Seattle Police have been posting crime data online for years, but now they’re working to help citizens better understand and engage with that information.
Last week, the department held a community meeting to educate the public about its open data offerings, with a focus on explaining the nuances behind the information that police post so that users can make more informed decisions about how to use the data.
In a webinar Tuesday — which was hosted by Socrata, the company that helped the department build some of its open data tools — Chief Information Officer Bill Schrier noted that this meeting was just one part of the department’s broader efforts to engage the city about how to use police data.

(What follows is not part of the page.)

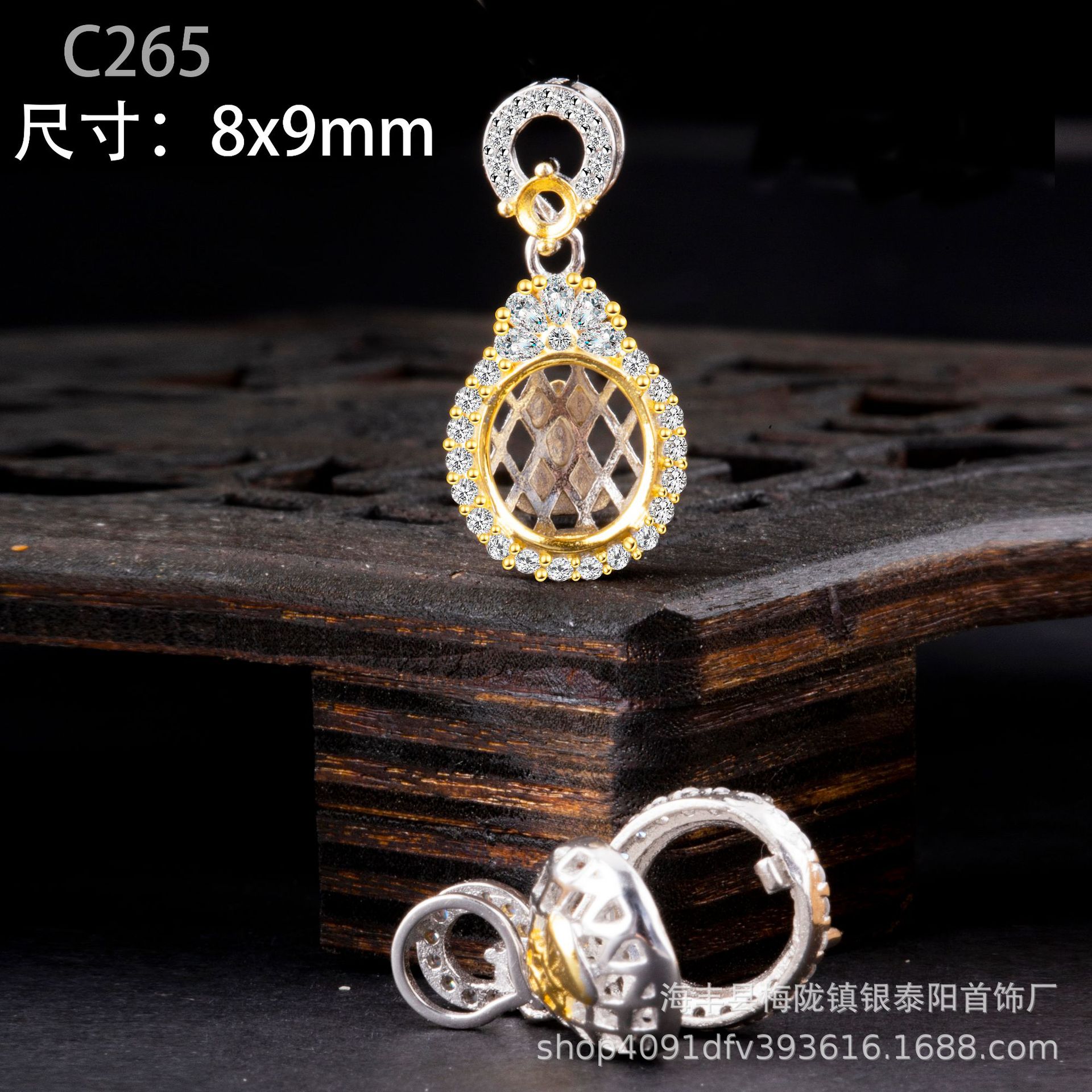 新款s925银托吊坠翡翠托配件未镶嵌蛋面翡翠玉石空托吊件工厂批发

“Giving people data about what’s happening in their neighborhood or about what their police department is doing doesn’t necessarily build trust immediately because people need to understand that data,” Schrier said. “Oftentimes the way we publish it can be kind of cryptic, so that’s the reason for engagement.”

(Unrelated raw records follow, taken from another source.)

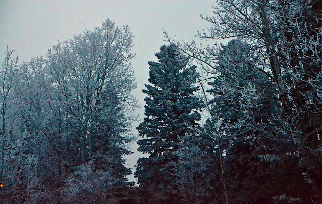 Some recent days of fog led to rime-- the kind of frost formed by fog freezing, vs hoar frost which is moisture freezing out of the air as temperatures drop. The frost quickly falls from trees if temperatures rise near/above freezing, and/or when sun falls directly on frosted surfaces. A few days of cloud and fog at times, with snow in the mix, meant the frost conditions lasted a while (still hanging on along the north edge of woods). These are some of my favourite views of the year- trees become white, distances soft edged, as though we inhabit an entirely new landscape! Views from the acreage, farm, across the neighbours', and from the road.
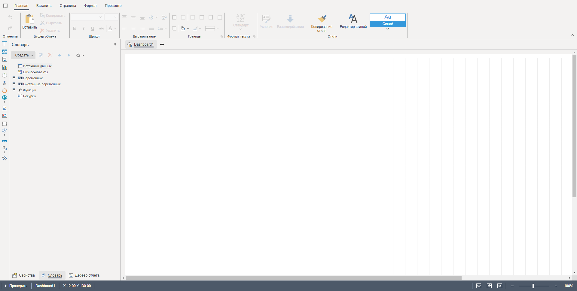 После чего откроется вкладка с дизайнером отчетов, где следует произвести необходимые настройки.
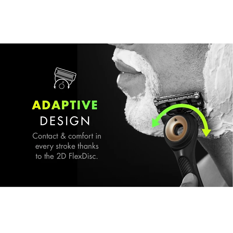تیغه‌ها با طراحی تطبیقی که دارند به لطف فناوری 2D Flexdisc، تیغ با صورت شما سازگار می‌شود و اصلاح به راحتی انجام می‌شود.
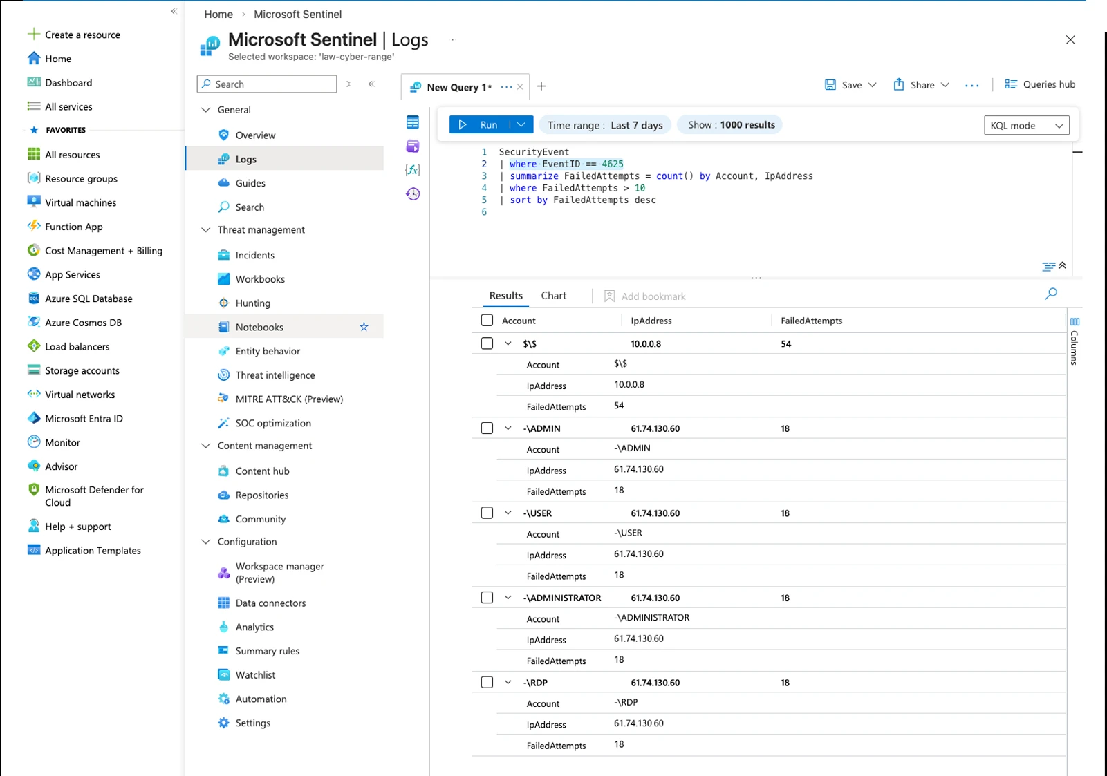 Students conduct real telemetry analysis using KQL in Microsoft Sentinel, our production SIEM. Twice a month, threat hunts put candidates through live attack scenarios with actual prize competitions on the line. Log sources span Defender for Endpoint (EDR), email telemetry, cloud applications, and externally ingested feeds. To claim one of the 10 prize spots per hunt, students must submit a detailed threat report documenting their findings and reasoning — creating a shared learning resource for the entire cohort.

Schrier helped to set up some of the city’s first efforts at posting data online when he served as Seattle’s chief technology officer several years ago, and he said he’s put a special focus on making the department’s data more accessible and understandable since taking over as CIO in September.
“A mantra of mine, and the Seattle police department’s, is how do we best help citizens engage in their own public safety?” Schrier said. “A significant way to do that, of course, is give them data.”
Community meetings will be a key facet of Schrier’s efforts to build that engagement, as he seeks to explain more about the crime data the department posts. One area his staff was focused on clarifying at the most recent meeting they held was the distinction between data on crime reports and information about 911 calls, Schrier said.
“You need to talk to engaged citizens about the data so they understand how police departments work, like how a 911 call doesn’t necessarily translate into a crime report for example,” Schrier said. “But 911 calls do provide a much more extensive record of demand for service in communities.”
He also hopes to remove some of the mystery behind the more “cryptic” aspects of the data. Schrier pointed to three digit codes assigned to each record of a 911 call as something that might seem especially confounding to the public without the necessary background information.
“Each one means something different, like a car problem or a barking dog, and you wouldn’t know that unless you went to one of these meetings or had it explained to you,” Schrier said.
Schrier believes that when the public can use data in a sophisticated fashion, it can create a sort of feedback loop that helps make communities safer and improves police accountability.
As an example, he demonstrated how the department tried to tackle the issue of thefts of items from vehicles, also known as “car prowls.” Once the department noticed a spike in the number of reports of the thefts in mid-2015, they posted on their website about the trend to alert people living in the areas most affected — and encourage them to report any thefts immediately. The department also set a clear goal of trying to reduce the number of car prowls to a set number by the end of the year and posted that goal alongside the crime data showing where the thefts occurred.
Schrier believes the process helped engage the community by raising awareness about the problem, and as the reports flowed in, investigators could narrow their focus and find the culprits.
“We determined that many of them were the results of organized gangs, and the gang unit was able to target and arrest a couple of the leaders of the gangs who were leading the rings, and that was able to reduce the car prowls,” Schrier said. “It was because we had the statistics and the maps that we were able to do that targeting.”
Now, the department’s data portal also clearly shows how police were able to make that drop in crime happen, and Schrier hopes to repeat the process the next time a similar spike in crime occurs.
“This sort of thing really helps citizens understand what’s going on in their neighborhoods, but it also helps the police department decide how to deploy resources,” Schrier said.
The more the department can get out in the community and engage Seattle citizens, the more Schrier thinks police can expect the same positive outcome.
“We need to go out and explain to people who are interested, like journalists and developers, what the data means, what is in the data and what isn’t,” Schrier said.